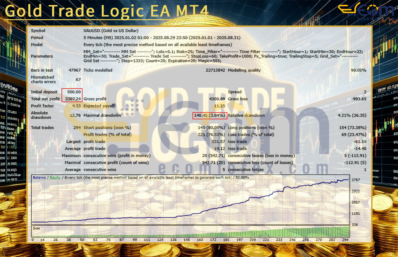 The Gold Trade Logic EA demonstrates consistent profitability and disciplined execution, reflecting a strong balance between growth and controlled drawdowns. In this backtest, starting from a modest $500 deposit, the EA generated impressive returns while maintaining a smooth upward equity curve and stable performance.
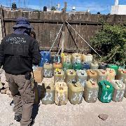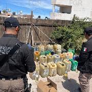 las autoridades aseguraron seis contenedores tipo bidón con capacidad de 50
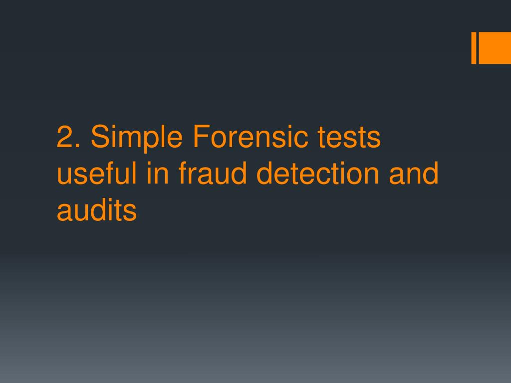 Agenda 1. Forensic Accounting and it's meaning and relevance 2. Some simple forensic tests which can be conveniently used in audits 3. Case studies on fraud detection and use of forensic accounting techniques 4. Opportunities for CAs in this field in the foreseeable future
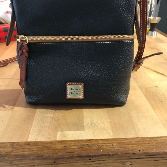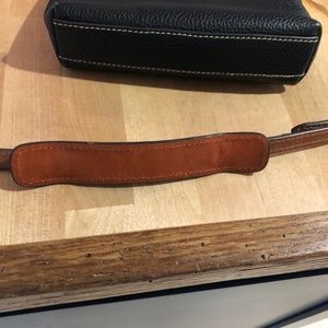Very good condition, pebble leather, adjustable strap, multiple zipper pouches,
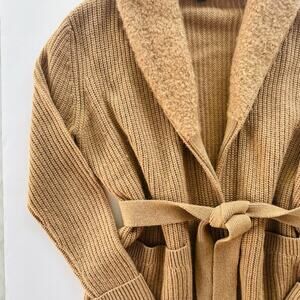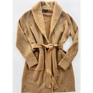 Brooks Brothers Camel Hair Belted Cardigan Size Large Tan Mid-Length Relaxed

********************

Your objective
Given the listing above, return exactly, and only, the lines from the line with "las autoridades aseguraron" through its final line, both included, with the pictures removed.

Reply
 las autoridades aseguraron seis contenedores tipo bidón con capacidad de 50
 Agenda 1. Forensic Accounting and it's meaning and relevance 2. Some simple forensic tests which can be conveniently used in audits 3. Case studies on fraud detection and use of forensic accounting techniques 4. Opportunities for CAs in this field in the foreseeable future
Very good condition, pebble leather, adjustable strap, multiple zipper pouches,
 Brooks Brothers Camel Hair Belted Cardigan Size Large Tan Mid-Length Relaxed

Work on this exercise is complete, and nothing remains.